For demonstrating, we use a scATAC-seq query dataset with ~10,000 PBMC from a healthy donor which is available for download here. The filtered peak-cell matrix, fragment file, and the indexed fragment file must be downloaded which can be done in a shell with the below lines:
curl -O https://cf.10xgenomics.com/samples/cell-atac/2.0.0/10k_PBMC_ATAC_nextgem_Chromium_X/10k_PBMC_ATAC_nextgem_Chromium_X_filtered_peak_bc_matrix.h5
curl -O https://cf.10xgenomics.com/samples/cell-atac/2.0.0/10k_PBMC_ATAC_nextgem_Chromium_X/10k_PBMC_ATAC_nextgem_Chromium_X_fragments.tsv.gz
curl -O https://cf.10xgenomics.com/samples/cell-atac/2.0.0/10k_PBMC_ATAC_nextgem_Chromium_X/10k_PBMC_ATAC_nextgem_Chromium_X_fragments.tsv.gz.tbi
Here, we provide the path to the peak-cell matrix as the query and also include the path to the fragment file as a parameter. Alternatively, users can provide a Seurat Object with a ChromatinAssay that contains a Fragments
class. The reference
parameter is the directory containing the reference.
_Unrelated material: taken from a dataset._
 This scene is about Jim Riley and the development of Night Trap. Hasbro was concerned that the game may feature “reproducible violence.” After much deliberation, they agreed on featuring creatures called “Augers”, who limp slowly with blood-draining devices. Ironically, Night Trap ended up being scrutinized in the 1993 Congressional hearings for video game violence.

# The RunAzimuth function can take a path or Seurat object as input
atac <- RunAzimuth(query = "~/10k_PBMC_ATAC_nextgem_Chromium_X_filtered_peak_bc_matrix.h5", query.modality = "ATAC",
reference = "~/reference", fragment.path = "~/10k_PBMC_ATAC_nextgem_Chromium_X_fragments.tsv.gz")
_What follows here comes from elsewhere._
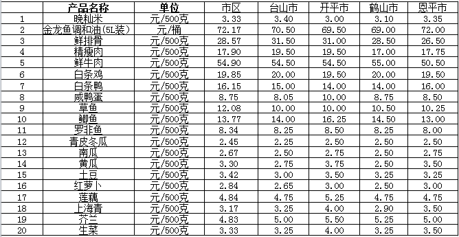 说明:1、表中价格为该地区监测点综合平均价;2、“市区”含蓬江区、江海区、新会区,价格分别采自蓬江市场、江南市场、城东市场等13家农贸市场;3、其他四个县市价格分别采自新华市场、锦江市场等8家农贸市场。

We can now visualize the output of Azimuth ATAC. Note that all cells are labeled with high-resolution annotations transferred from the scRNA-seq query.
Lastly, we can validate the predicted cell types for the scATAC-seq data by examining their chromatin accessibility profiles at canonical loci. We use the CoveragePlot
function from Signac to visualize accessibility patterns at CD8A, FOXP3, and RORC, after grouping cells by their predicted labels.
library(Signac)
CoveragePlot(atac, region = "PAX5", group.by = "predicted.celltype.l1", idents = c("B", "CD4 T",
"Mono", "NK"), window = 200, extend.upstream = -150000)
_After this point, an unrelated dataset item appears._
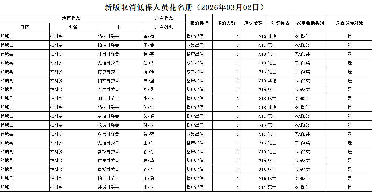 舒城县柏林乡2026年度1-2月退出低保人员信息

CoveragePlot(atac, region = "CD8A", group.by = "predicted.celltype.l2", idents = c("CD8 Naive",
"CD4 Naive", "CD4 TCM", "CD8 TCM"), extend.downstream = 5000, extend.upstream = 5000)
CoveragePlot(atac, region = "FOXP3", group.by = "predicted.celltype.l2", idents = c("CD4 Naive",
"CD4 TCM", "CD4 TEM", "Treg"), extend.downstream = 0, extend.upstream = 0)
When Azimuth ATAC runs, we also compute gene activity scores based on the chromatin accessibility in each gene region. In RunAzimuth()
, these scores are calculated using the GeneActivity function from Signac. Thus, users can visualize feature plots or violin plots with features of interest.
The Azimuth ATAC web app also runs a simple motif analysis, but RunAzimuth()
does not. If users are interested in running motif analysis on their object in R, please refer to this vignette from Signac.
Session Info
## R version 4.2.2 Patched (2022-11-10 r83330)
## Platform: x86_64-pc-linux-gnu (64-bit)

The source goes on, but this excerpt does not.